The scenario is organized as a dependency-aware retail SEO program. Each workstream has a distinct job, and the interpretation avoids treating internal metrics or structured data as official ranking factors.
1. Technical SEO and indexation cleanup (months 1 to 3)
The opening work checks crawlability, indexation, canonical behavior, redirects, template duplication, renderability, internal status codes, and existing structured data. The practical goal is to reduce avoidable ambiguity before expanding the site. Priority templates come first because a template issue can repeat across many product or collection URLs. The decision test is not whether a technical score improves; it is whether the store can identify the preferred URLs, remove obvious dead ends, and give later content a stable destination.
2. Information architecture and internal linking (months 2, 3, 5)
The next workstream maps research topics to the commercial pages they should support. Overlapping commercial pages are reviewed for consolidation, navigational paths to important collections are shortened where useful, and contextual links are placed where they help a shopper move from education to evaluation. Anchor wording stays descriptive and varied rather than forced. Internal links are treated as a navigation and relationship signal, not as a guaranteed ranking lever.
3. Authority content and intent alignment (months 2 to 4, then ongoing)
The modeled content library reaches 130 articles across 10 topic clusters, covering buying and sizing questions, gemstones and metals, care and cleaning, gifting, custom options, financing, shipping and returns, warranty and authenticity, style research, and comparison-oriented decisions. The scenario later records roughly 2,656 informational keywords. An internal topical coverage index moves from 18 to 59; that index is a private modeling device for breadth and depth, not a Google metric or documented ranking factor.
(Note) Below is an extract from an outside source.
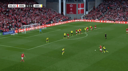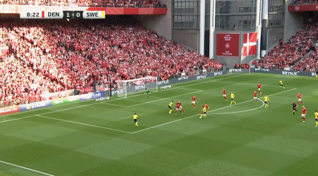 第87分钟,尤尔曼德助攻,埃里克森外围远射破门,丹麦2-1

The decision-useful principle is to publish around distinct buyer needs and then connect relevant guides to the collections or product families that resolve those needs. If a guide earns visibility while sending users toward a suitable commercial page, the retailer has a clearer path from research to purchase evaluation. If content gains impressions but does not help readers or support a clear destination, it should be improved, merged, or deprioritized rather than kept simply to increase page count.
4. Entity, schema and AI answer readiness (months 3 to 5)
This workstream checks existing organization-level and service-related structured data for accuracy, aligns author or reviewer information where those entities genuinely exist, and makes summary passages easy to understand in isolation. Structured data should describe content that is already visible and true; it is not presented here as a special requirement for Google AI Overviews or as a guaranteed ranking factor. The practical objective is consistency across the store's own pages and machine-readable fields.
5. Digital PR, citations and link recovery (months 4 to 6)
The scenario includes recovery of legitimate lost links, cleanup of inconsistent citations, prioritization of unlinked mentions, and outreach for relevant industry resources. The operating rule is quality over artificial volume. No placement is described as guaranteed, and no sudden link spike is required for the rest of the plan to function. This work is best evaluated as support for discoverability and reputation rather than proof of causation.
6. Brand voice and editorial QA (months 1, 2, 4)
The final workstream samples approved brand language, documents what the store can substantiate, and reviews new copy before publication. In jewelry retail, that matters for claims about materials, origin, authenticity, guarantees, sustainability, value, and product quality. Editorial QA does not create search authority by itself, but it reduces the risk that optimization introduces unsupported statements or inconsistent customer information.